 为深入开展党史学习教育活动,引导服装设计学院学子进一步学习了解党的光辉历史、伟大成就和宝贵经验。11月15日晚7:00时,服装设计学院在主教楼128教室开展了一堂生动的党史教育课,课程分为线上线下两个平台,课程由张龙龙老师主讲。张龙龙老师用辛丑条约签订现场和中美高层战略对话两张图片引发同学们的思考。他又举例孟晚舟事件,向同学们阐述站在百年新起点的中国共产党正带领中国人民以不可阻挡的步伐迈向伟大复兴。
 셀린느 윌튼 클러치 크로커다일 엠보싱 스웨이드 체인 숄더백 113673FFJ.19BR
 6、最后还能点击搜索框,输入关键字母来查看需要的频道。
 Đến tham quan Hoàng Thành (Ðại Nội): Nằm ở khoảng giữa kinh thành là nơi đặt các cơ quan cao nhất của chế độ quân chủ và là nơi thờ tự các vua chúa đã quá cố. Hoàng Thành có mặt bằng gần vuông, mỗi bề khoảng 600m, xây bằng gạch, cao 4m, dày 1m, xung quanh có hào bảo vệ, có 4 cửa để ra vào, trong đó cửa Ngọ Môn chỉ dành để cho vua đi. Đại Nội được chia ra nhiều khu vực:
---
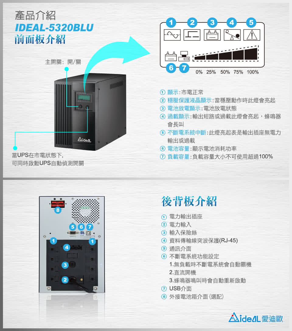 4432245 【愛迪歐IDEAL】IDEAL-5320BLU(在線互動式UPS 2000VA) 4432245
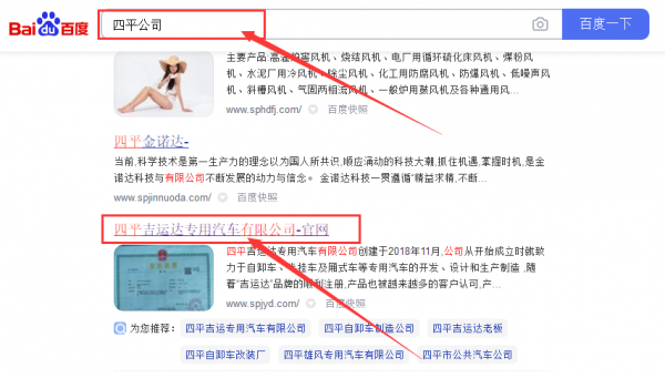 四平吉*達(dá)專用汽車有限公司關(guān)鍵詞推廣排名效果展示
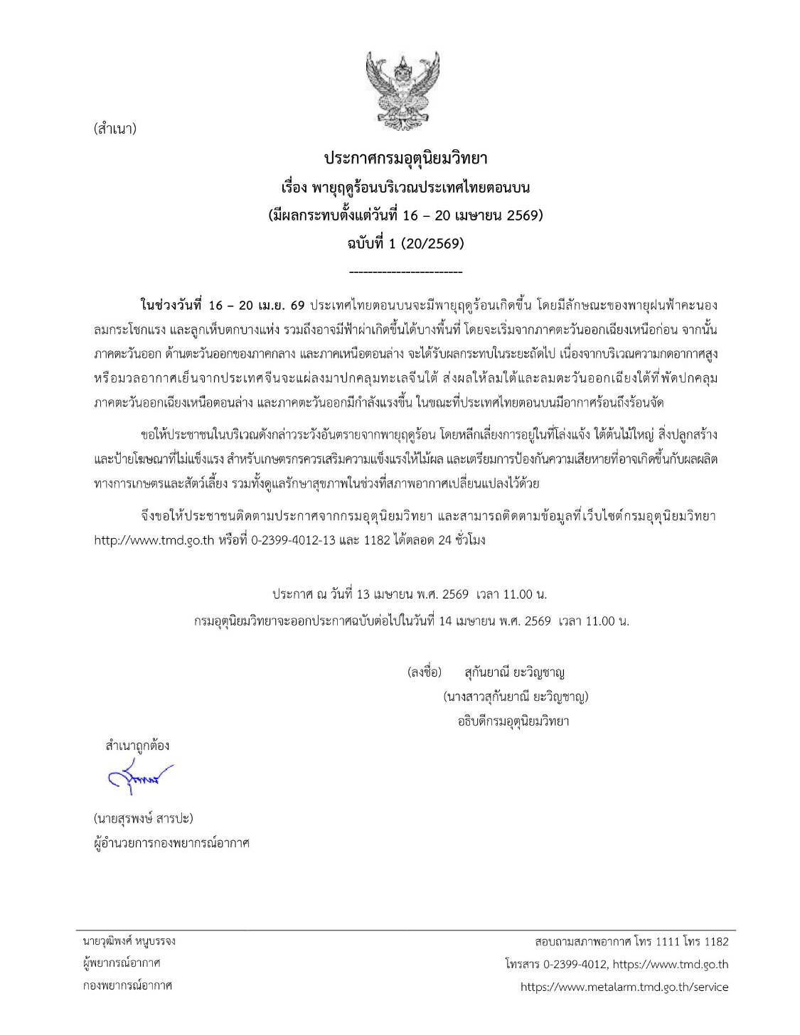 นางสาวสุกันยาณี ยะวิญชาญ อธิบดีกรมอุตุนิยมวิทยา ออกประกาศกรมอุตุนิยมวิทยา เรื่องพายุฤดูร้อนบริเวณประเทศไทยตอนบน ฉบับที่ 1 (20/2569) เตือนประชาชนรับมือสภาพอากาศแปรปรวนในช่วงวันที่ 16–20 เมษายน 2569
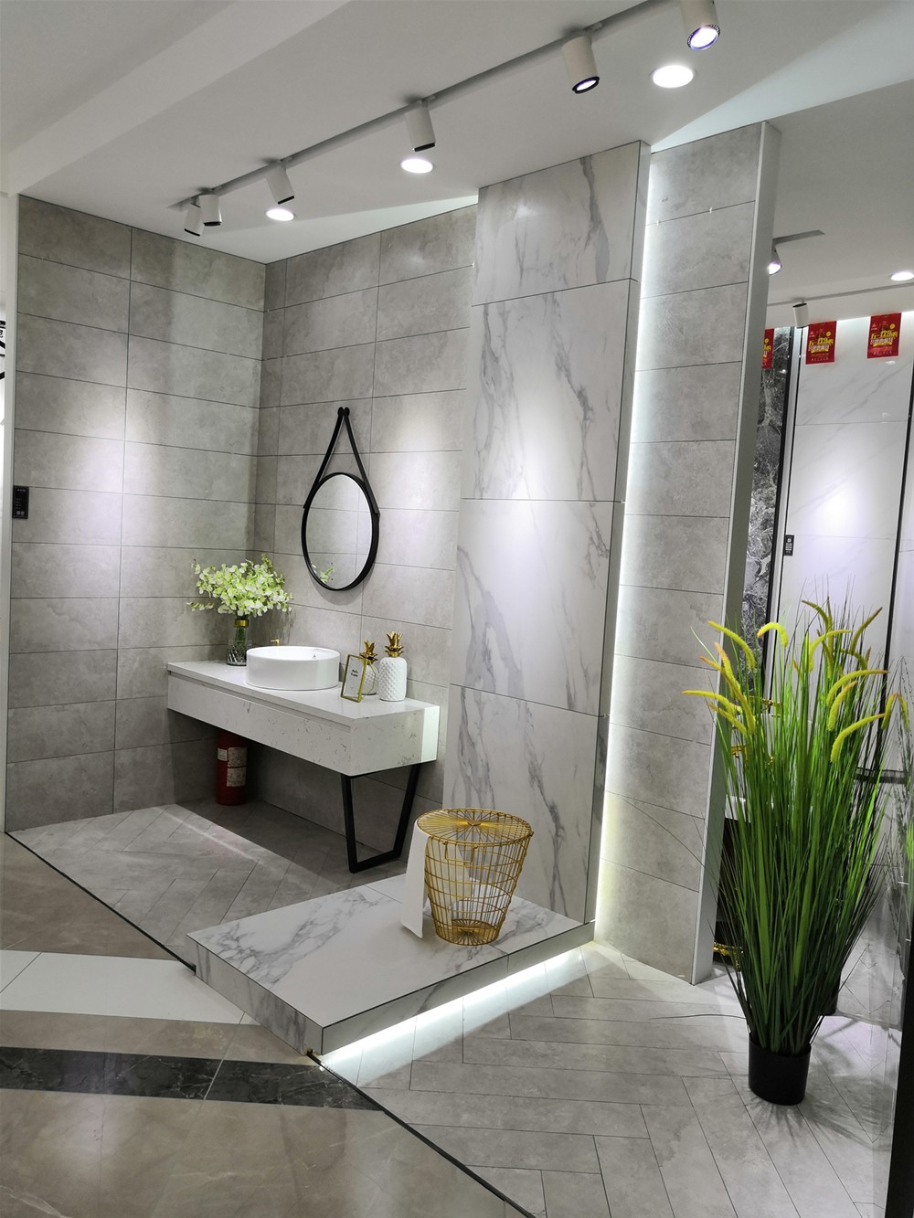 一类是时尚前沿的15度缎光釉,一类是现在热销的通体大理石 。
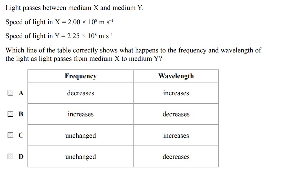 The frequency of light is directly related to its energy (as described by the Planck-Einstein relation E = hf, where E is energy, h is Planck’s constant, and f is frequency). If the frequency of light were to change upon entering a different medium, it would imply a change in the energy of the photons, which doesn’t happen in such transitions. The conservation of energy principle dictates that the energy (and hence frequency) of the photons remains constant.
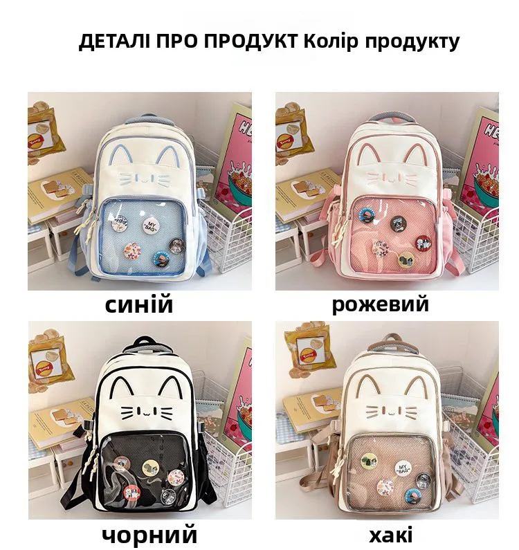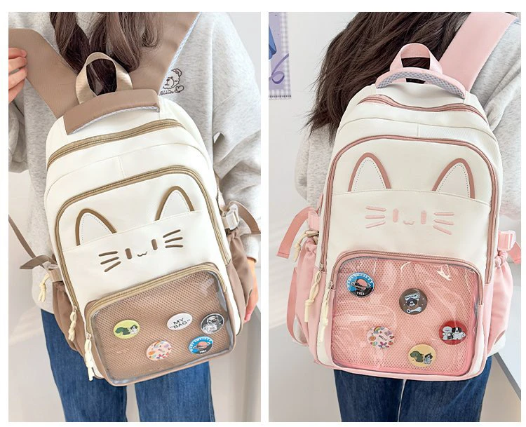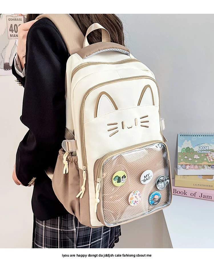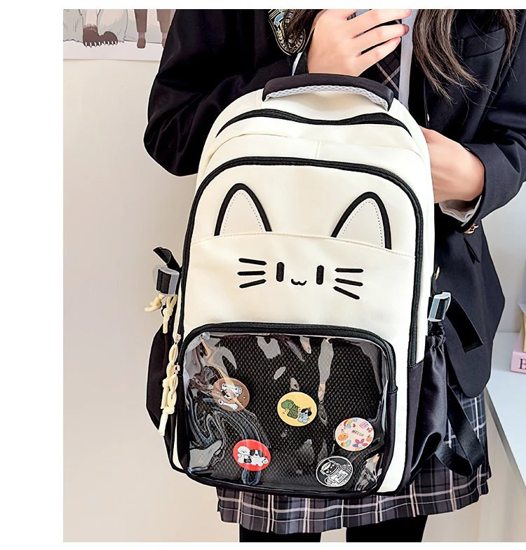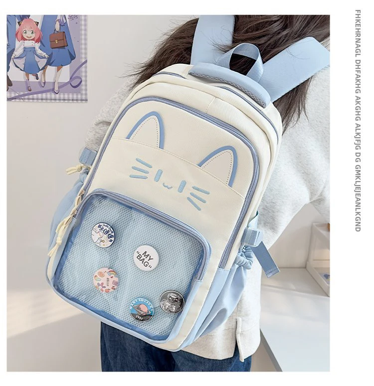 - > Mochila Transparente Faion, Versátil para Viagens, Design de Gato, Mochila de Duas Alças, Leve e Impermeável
...
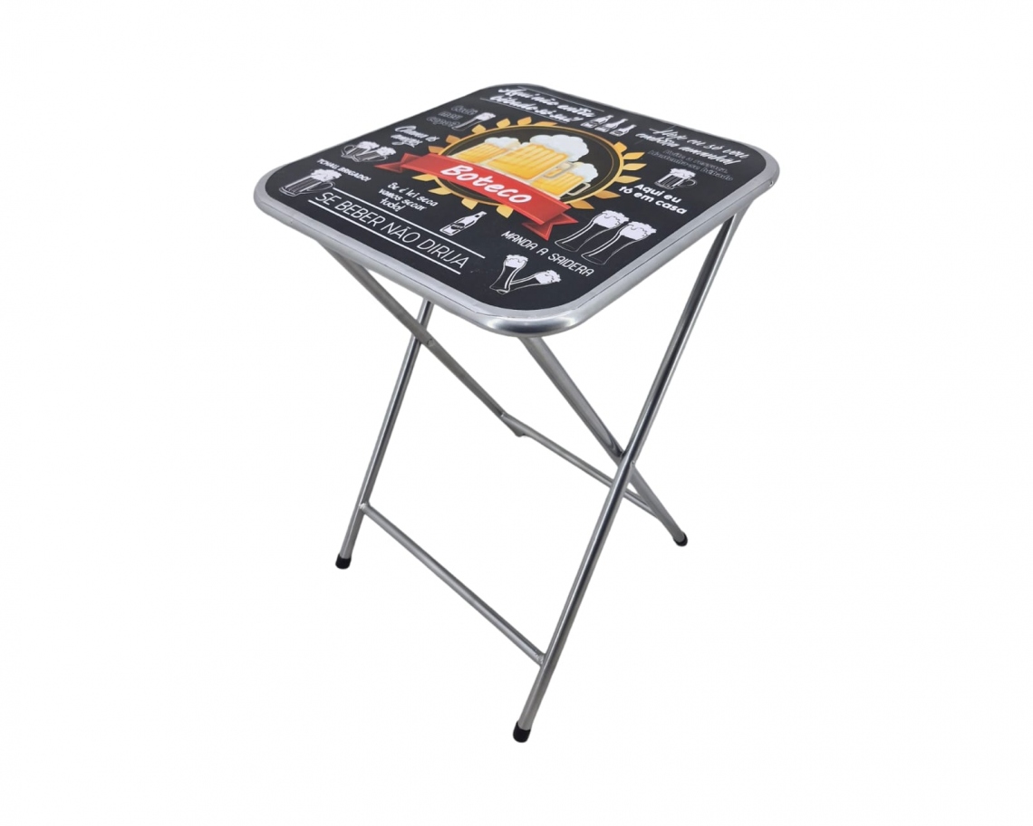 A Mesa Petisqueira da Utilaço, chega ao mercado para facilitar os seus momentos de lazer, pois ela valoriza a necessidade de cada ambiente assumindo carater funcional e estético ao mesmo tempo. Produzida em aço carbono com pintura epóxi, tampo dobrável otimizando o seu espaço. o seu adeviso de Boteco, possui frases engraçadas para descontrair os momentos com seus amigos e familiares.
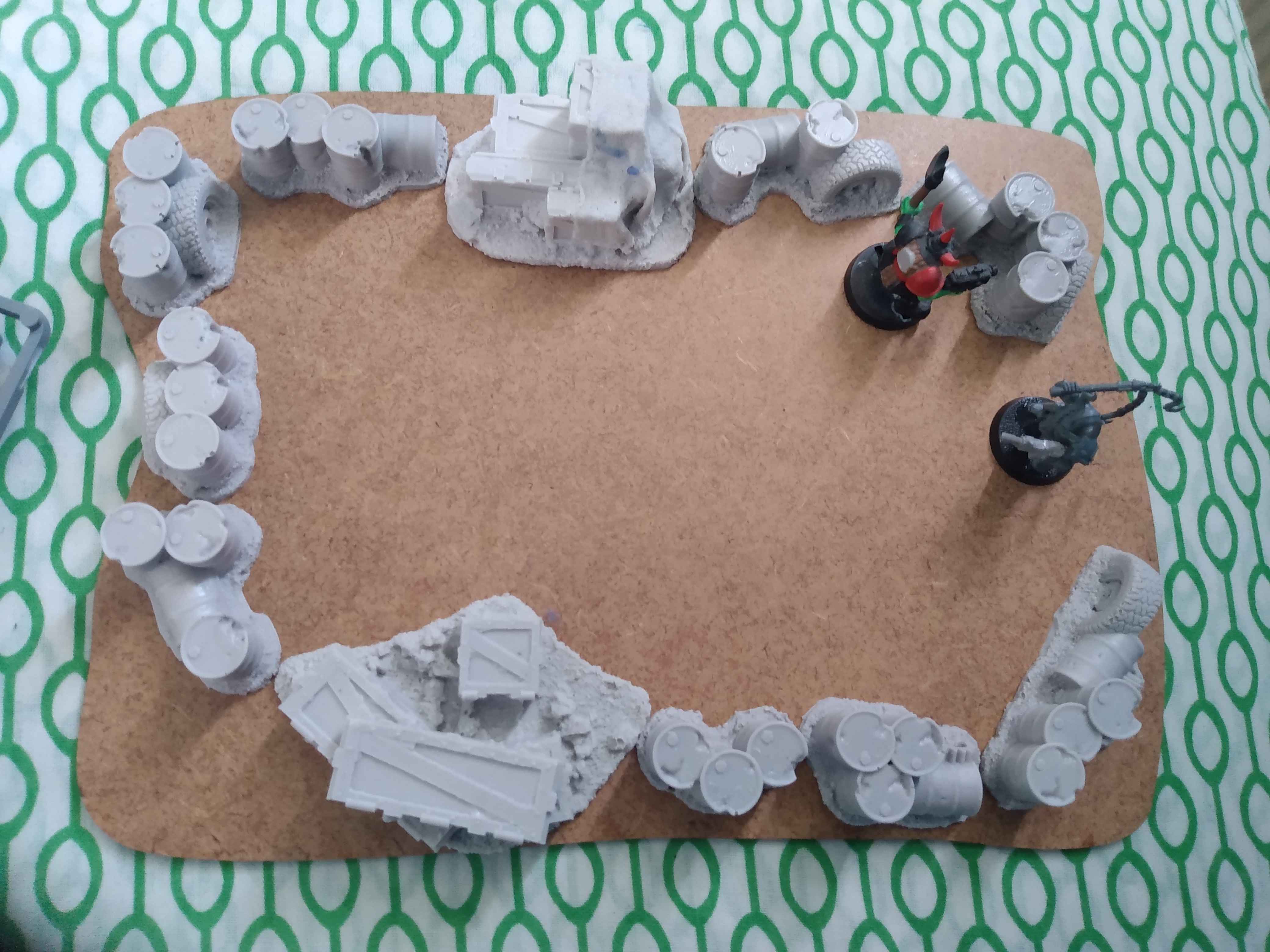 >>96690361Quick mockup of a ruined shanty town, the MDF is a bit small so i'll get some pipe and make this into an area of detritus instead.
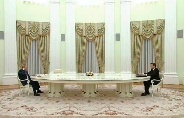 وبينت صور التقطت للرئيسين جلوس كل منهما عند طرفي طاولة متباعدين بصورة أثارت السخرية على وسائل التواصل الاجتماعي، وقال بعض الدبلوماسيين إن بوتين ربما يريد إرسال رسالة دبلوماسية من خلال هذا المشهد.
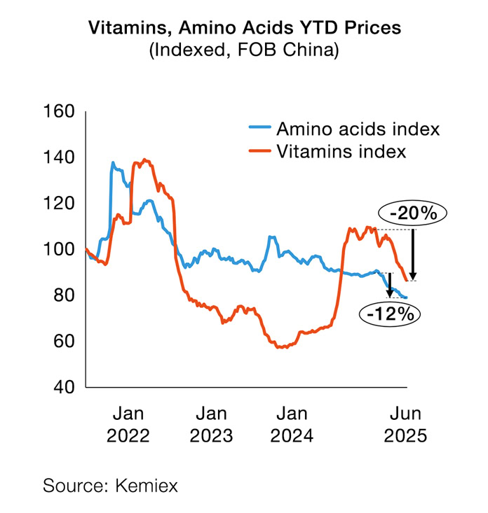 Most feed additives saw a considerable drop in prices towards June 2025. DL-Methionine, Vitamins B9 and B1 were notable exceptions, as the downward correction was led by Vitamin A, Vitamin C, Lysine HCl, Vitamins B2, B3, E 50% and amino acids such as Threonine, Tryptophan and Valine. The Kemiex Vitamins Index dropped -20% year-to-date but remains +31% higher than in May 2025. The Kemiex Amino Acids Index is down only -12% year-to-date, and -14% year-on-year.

WHAT THIS TASK INVOLVES: Reproduce exactly the entries above, limited to the lines from the one with "6、最后还能点击搜索框,输入关键字母来查看需要的频道。" through the one with "Đến tham quan", both included.

REPLY:
 6、最后还能点击搜索框,输入关键字母来查看需要的频道。
 Đến tham quan Hoàng Thành (Ðại Nội): Nằm ở khoảng giữa kinh thành là nơi đặt các cơ quan cao nhất của chế độ quân chủ và là nơi thờ tự các vua chúa đã quá cố. Hoàng Thành có mặt bằng gần vuông, mỗi bề khoảng 600m, xây bằng gạch, cao 4m, dày 1m, xung quanh có hào bảo vệ, có 4 cửa để ra vào, trong đó cửa Ngọ Môn chỉ dành để cho vua đi. Đại Nội được chia ra nhiều khu vực:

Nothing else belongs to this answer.